▶ DATA SEGMENT:
* * *
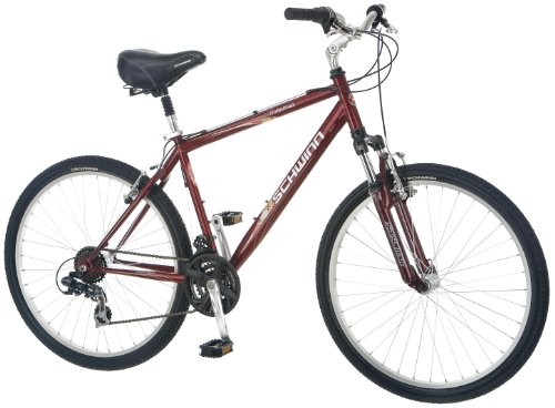 The Schwinn Miramar men's bike comes with a comfort geometry frame with a SR suspension fork to provide a smooth ride. The handlebar and adjustable alloy stem provide an upright riding position. Equipped with Shimano TZ 21 speed drive train with SRAM twist grip shifting for quick smooth shifts Alloy linear pull brakes stop precisely, Alloy rims for easy rolling Schwinn Quality padded comfort saddle and suspension seat post softens ride.
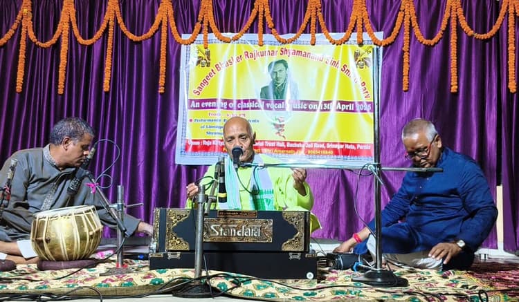 पूर्णिया. रविवार को राजा कीर्त्यानंद मेमोरियल ट्रस्ट हॉल में संगीत भास्कर राजकुमार श्यामानंद सिंह स्मृति पर्व मनाया गया. इस कार्यक्रम में राजकुमार श्यामानंद सिंह संगीत परंपरा के बच्चों द्वारा शास्त्रीय संगीत की प्रस्तुति दी गयी. कार्यक्रम में किलकारी पूर्णिया के बच्चों ने भी हिस्सा लिया. इसका लोगों ने भरपूर आनंद उठाया. इस मौके पर गणमान्य लोगों के साथ साथ कुमार साहब के परिवार के सारे सदस्य उपस्थित थे. कार्यक्रम प्रस्तुत करने वालों में छोटे बच्चों में अनुराग, मानवी, पीहू, भाव्या, कृति. किशोर वय में अदिति, अमृता, अनुप्रिया, सौम्या, आर्या, नंदिनी, दिवाकर, अहम्, करण, युवाओं में विजय सागर, आयुष, सोनी, सरगम ने अपनी प्रस्तुतियों पर खूब तालियां बटोरी. संस्था द्वारा इस वर्ष से संगीत के एक स्टूडेंट को छात्रवृत्ति के रूप में एक वर्ष की शुल्क की माफ़ी एवं एक शील्ड देने की शुरुआत की गयी. इस वर्ष के लिए छात्रवृत्ति हेतु अनुराग झा का चयन किया गया. कार्यक्रम के संयोजक पंडित अमरनाथ झा ने बताया कि उनके गुरुदेव राजकुमार श्यामानंद सिंह के पारिवारिक सदस्यों एवं मेरे शिष्य शिष्याओं के सहयोग से यह आयोजन विगत 23 वर्षों से निरंतर होता चला आ रहा है.
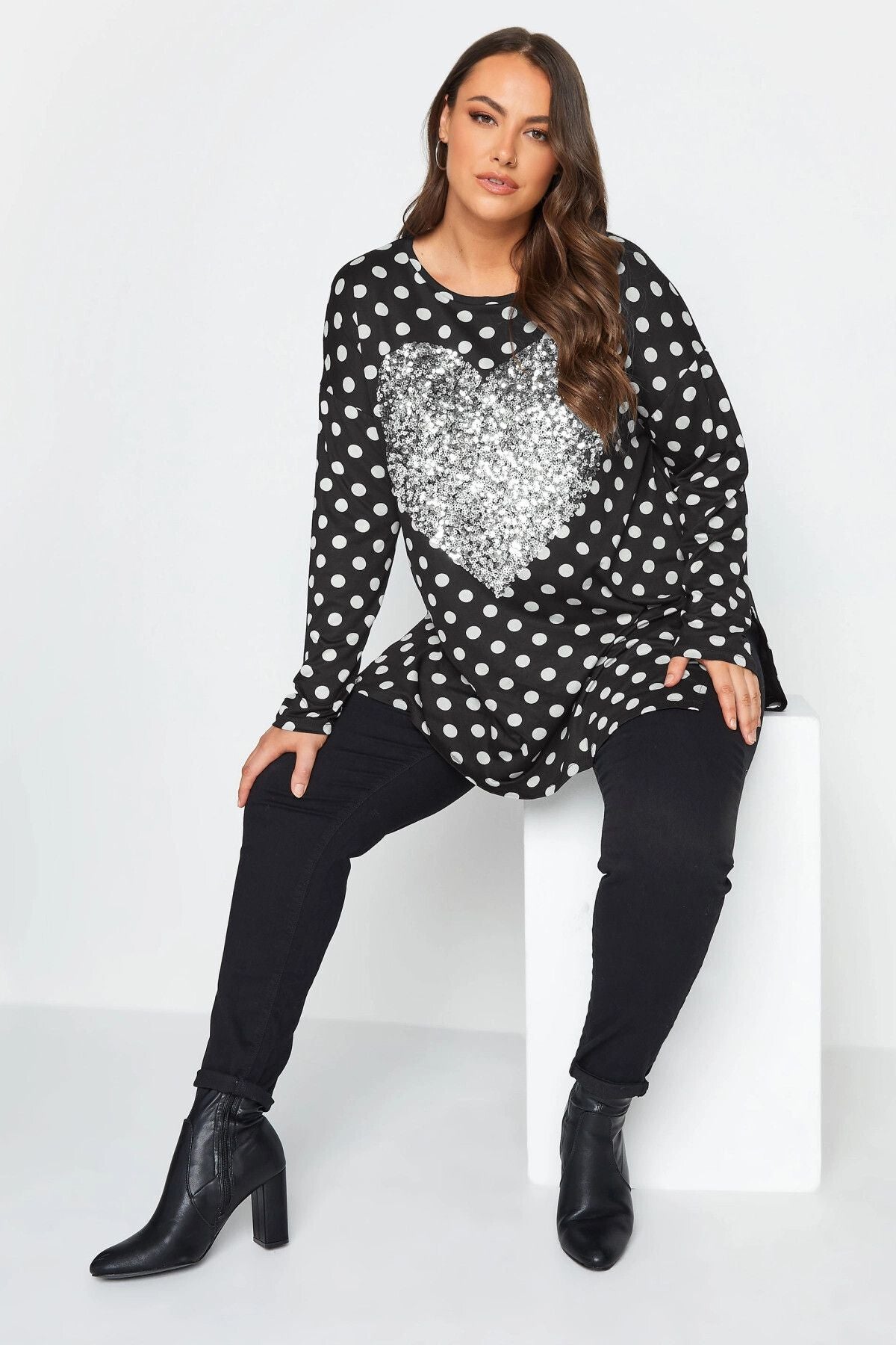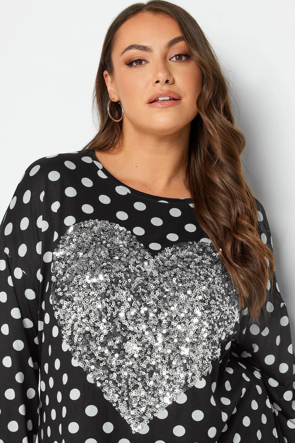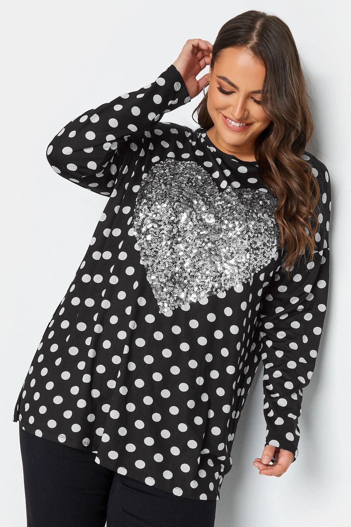 Büyük Beden Yırtmaç Detaylı Puantiyeli Payetli Uzun Kollu Bisiklet Yaka Bluz 302496
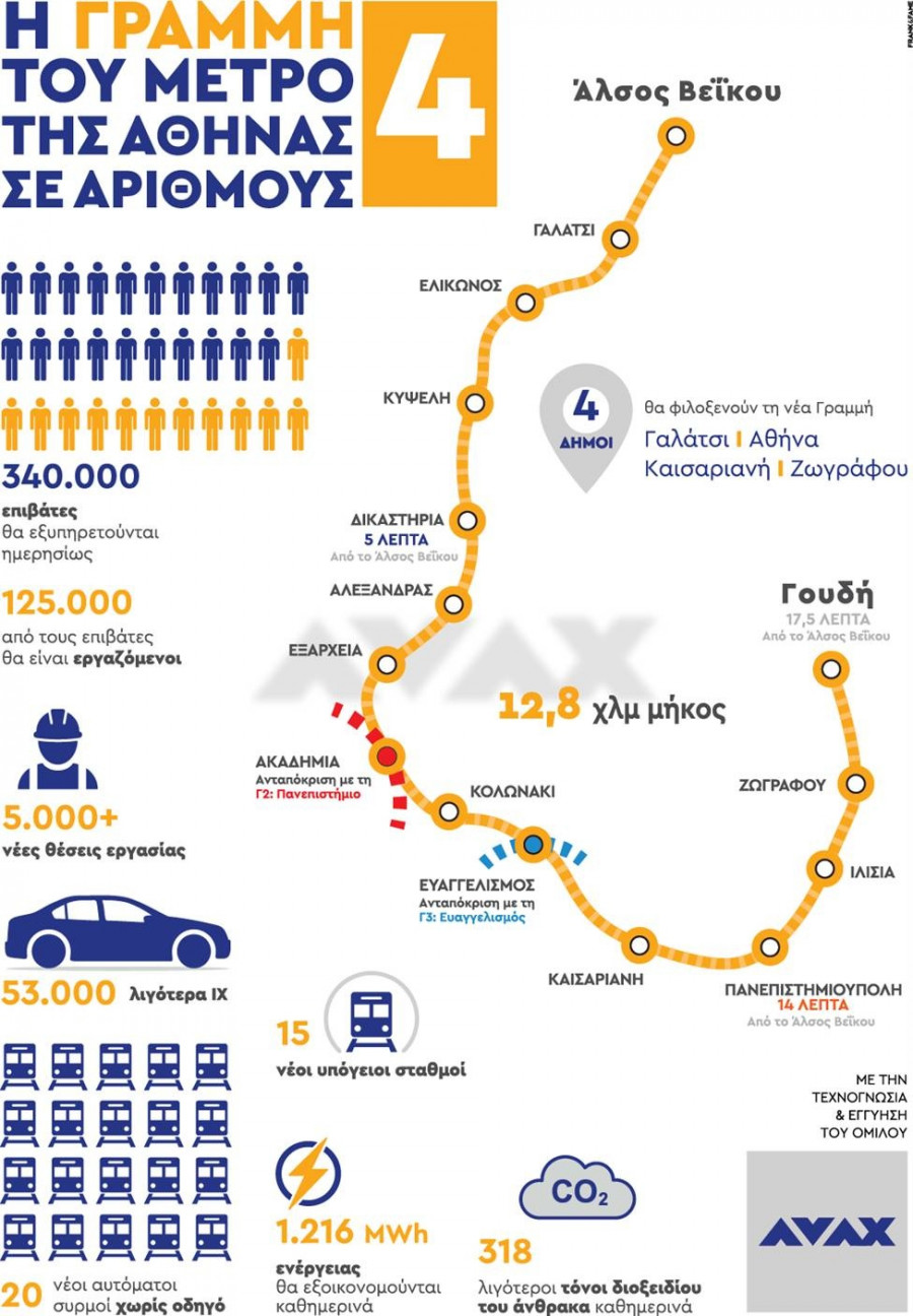 Μάλιστα, σύμφωνα με το χρονοδιάγραμμα του έργου, σε οκτώ χρόνια θα κατασκευαστούν σε μια γραμμή μήκους 12,8 χιλιομέτρων, η οποία θα εκτείνεται σε τέσσερις δήμους, 15 νέοι υπόγειοι σταθμοί σε Άλσος Βεΐκου, Γαλάτσι, Ελικώνος, Κυψέλη, Δικαστήρια, Αλεξάνδρας, Εξάρχεια, Ακαδημία, Κολωνάκι, Ευαγγελισμός, Καισαριανή, Πανεπιστημιούπολη, Ιλίσια, Ζωγράφου και Γουδή.
* * *
▶ YOUR INSTRUCTIONS: Each line of the listing must be restated word for word, and the pictures left out.

▶ WRITTEN ANSWER:
 The Schwinn Miramar men's bike comes with a comfort geometry frame with a SR suspension fork to provide a smooth ride. The handlebar and adjustable alloy stem provide an upright riding position. Equipped with Shimano TZ 21 speed drive train with SRAM twist grip shifting for quick smooth shifts Alloy linear pull brakes stop precisely, Alloy rims for easy rolling Schwinn Quality padded comfort saddle and suspension seat post softens ride.
 पूर्णिया. रविवार को राजा कीर्त्यानंद मेमोरियल ट्रस्ट हॉल में संगीत भास्कर राजकुमार श्यामानंद सिंह स्मृति पर्व मनाया गया. इस कार्यक्रम में राजकुमार श्यामानंद सिंह संगीत परंपरा के बच्चों द्वारा शास्त्रीय संगीत की प्रस्तुति दी गयी. कार्यक्रम में किलकारी पूर्णिया के बच्चों ने भी हिस्सा लिया. इसका लोगों ने भरपूर आनंद उठाया. इस मौके पर गणमान्य लोगों के साथ साथ कुमार साहब के परिवार के सारे सदस्य उपस्थित थे. कार्यक्रम प्रस्तुत करने वालों में छोटे बच्चों में अनुराग, मानवी, पीहू, भाव्या, कृति. किशोर वय में अदिति, अमृता, अनुप्रिया, सौम्या, आर्या, नंदिनी, दिवाकर, अहम्, करण, युवाओं में विजय सागर, आयुष, सोनी, सरगम ने अपनी प्रस्तुतियों पर खूब तालियां बटोरी. संस्था द्वारा इस वर्ष से संगीत के एक स्टूडेंट को छात्रवृत्ति के रूप में एक वर्ष की शुल्क की माफ़ी एवं एक शील्ड देने की शुरुआत की गयी. इस वर्ष के लिए छात्रवृत्ति हेतु अनुराग झा का चयन किया गया. कार्यक्रम के संयोजक पंडित अमरनाथ झा ने बताया कि उनके गुरुदेव राजकुमार श्यामानंद सिंह के पारिवारिक सदस्यों एवं मेरे शिष्य शिष्याओं के सहयोग से यह आयोजन विगत 23 वर्षों से निरंतर होता चला आ रहा है.
 Büyük Beden Yırtmaç Detaylı Puantiyeli Payetli Uzun Kollu Bisiklet Yaka Bluz 302496
 Μάλιστα, σύμφωνα με το χρονοδιάγραμμα του έργου, σε οκτώ χρόνια θα κατασκευαστούν σε μια γραμμή μήκους 12,8 χιλιομέτρων, η οποία θα εκτείνεται σε τέσσερις δήμους, 15 νέοι υπόγειοι σταθμοί σε Άλσος Βεΐκου, Γαλάτσι, Ελικώνος, Κυψέλη, Δικαστήρια, Αλεξάνδρας, Εξάρχεια, Ακαδημία, Κολωνάκι, Ευαγγελισμός, Καισαριανή, Πανεπιστημιούπολη, Ιλίσια, Ζωγράφου και Γουδή.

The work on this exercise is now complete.